Брюнет с внешностью метиса подозрительно взглянул с улицы на посетителя кафе „Violeta“, а затем устремил взор куда-то вдаль.
– И очень надеюсь, – добавил Брянов, – что ваш человек подтвердит…
– Этого мало, – резко бросил хозяин, словно в пику многословию „посланника“.
– Чего мало? – не понял Брянов.
Заготовки кончились…
– Что вам нужно?
– А вы готовы поверить мне на слово? – не выдержал и в тон ему ответил Брянов.
– Вы пока не сказали ничего, кроме намеков.
– Намеков? – Брянов поднялся, со скрипом отодвигая стул назад. – Я не смотрю вам в глаза – и вам известно почему! А мне известно, что если бы меня кто-то опередил, то скорее всего действовал бы иначе. Не было бы уже ни вас, ни хозяйки этого заведения! И называлось бы оно уже по-другому!
– Хавьер, уйди! – бросил хозяин через плечо подростку.
Брянов уже измучился отводить взгляд, измучился от того, что сам не видит глаз человека, от которого зависит очень многое, он весь, Александр Брянов, и все то, что осталось на земле от Пауля Риттера. Его ни на миг не покидала необъяснимая уверенность, что хозяин кафе „Фиалка“, сразу выступивший ему навстречу с молчаливой угрозой, знает если не все, то – главное.
Резким движением сняв темные очки, он повернулся лицом к хозяину кафе и оказался к нему вплотную – как раз так, чтобы можно было смотреть на его ухо.

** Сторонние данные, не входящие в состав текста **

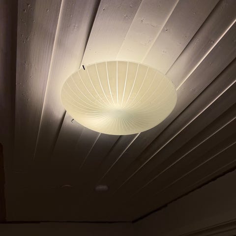 Tre pendel-lamper. Kuppelen er i matt hvitt glass, med svart ledning. Diameter er ca 18cm.

– Да, намеки! Понте-Риальто – это намек! Золотые голуби – это намек! Стамбул, гостиница „Эреджени“ – тоже намек… И вы правы – один намек на угрозу. Угрозу для меня лично. Еще для многих людей, которые от этой болезни… от этой инфекции сойдут с ума. Возможно, угроза – для всего мира. Потому что шестьдесят лет скоро пройдут… очень скоро. Для вас тоже есть угроза, но считайте – в самую последнюю очередь.
Хозяин смотрел на него, а он – через его плечо, в сторону приоткрытой двери около стойки.
– Вы что же, пришли сюда спасать мир? – В вопросе слышалась нарочитая усмешка.
Брянову показалось, что тот давно ждал этого визита и эта скептическая усмешка – такой же заготовленный заранее рефлекс. Когда-то, возможно – со страхом, потом, возможно – с любопытством. Веря и не веря, что визит произойдет. Прошло слишком много времени. Осталась семейная легенда о пришествии… Легенда, бережно хранимая в тихом провинциальном городке, где ничего не происходит… и презираемая, когда по телевизору играют в футбол.
– Возможно, что – и весь мир, – немного поверив в это, ответил Брянов.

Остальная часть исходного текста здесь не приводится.